Bitbucket is a code hosting site with unlimited public and private repositories. We're also free for small teams!

Close

rtar.py Manual

Author: Marc 'BlackJack' Rintsch
Contact: marc@rintsch.de
Date: 2005-08-26
Version: 0.3
Copyright: This document has been placed in the public domain.

1   Name

rtar.py -- an archiver.

2   Synopsis

rtar.py [-h|--help|--version]
rtar.py [options] file(s)

3   Description

The program creates compressed tar archives from files and directories. In contrast to the original tar it builds a list of file names first and sorts it in a way that (should) give a better compression ratio.

It also makes the common task of archiving one directory a bit easier by providing a short option that infers the file name of the archive from the name of the directory and the compression algorithm.
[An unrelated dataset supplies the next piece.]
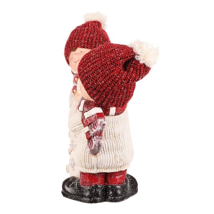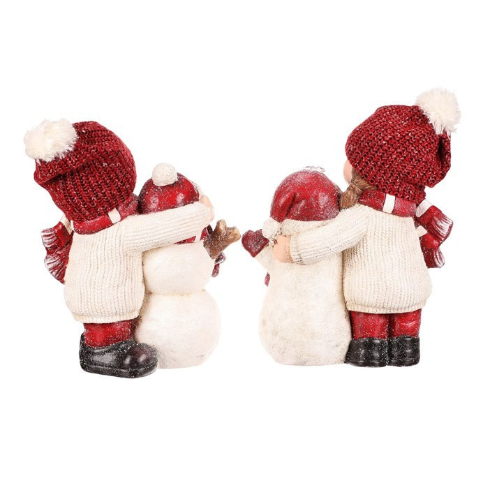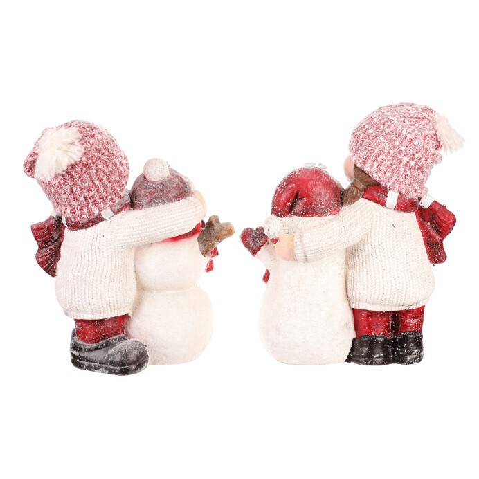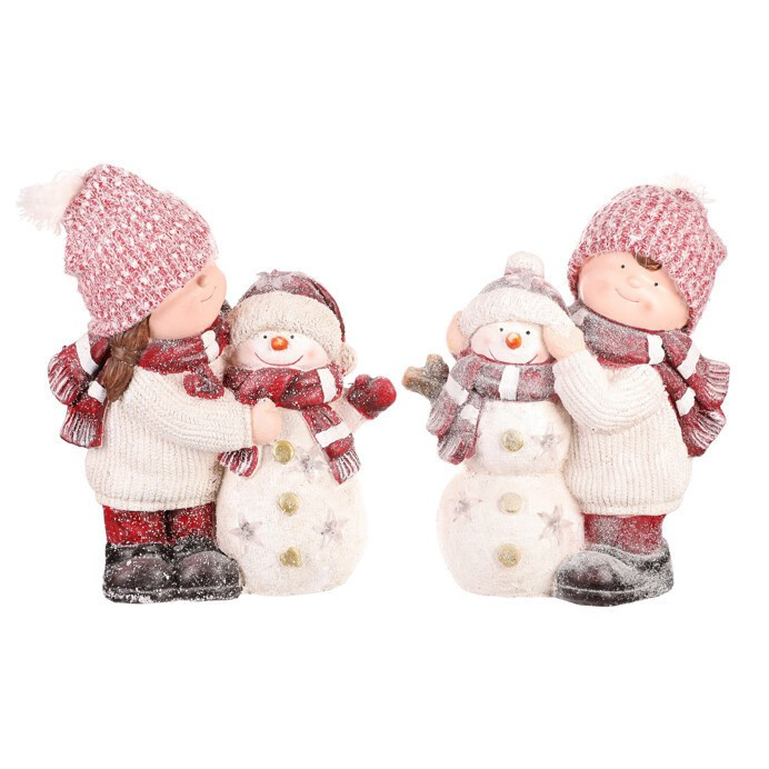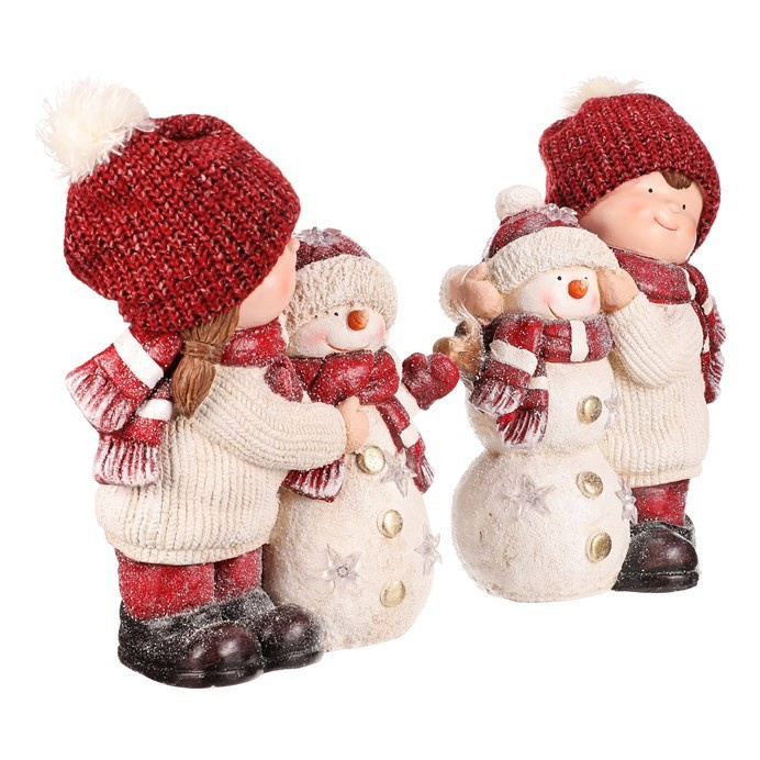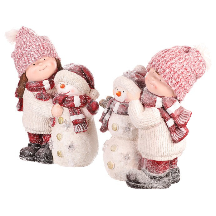 Tato roztomilá dekorační soška zachycuje dívku a chlapce se sněhulákem, kteří společně vytvářejí kouzelnou zimní scénu. LED osvětlením zabudované uvnitř, dodává celé figuře příjemné a teplé světlo, které oživí vánoční atmosféru. Oblečeni do teplých čepic a šál, s roztomilými tvářičkami, symbolizují kamarádství a radost ze společných chvil. Cena je za 1 kus, přičemž soška představuje mix dvou variant.

See Examples for details.

3.1   Why sorting the names?

Way back in the old DOS days the RAR archiver had, and still has, three advantages over ZIP archives when it comes to compression ratio:

  1. RAR uses a slower but better compression algorithm than the standard deflate algorithm of ZIP archives,
  2. it creates solid archives instead of compressing each file separatly to benefit from redundancy between files,
  3. and files are grouped by file name extensions in order to have files with similar contents close to each other and benefit from 2. even more.

With tar archives 1. is true if bzip2 compression is used and 2. is always true as a tar archive is created first and then compressed as a whole.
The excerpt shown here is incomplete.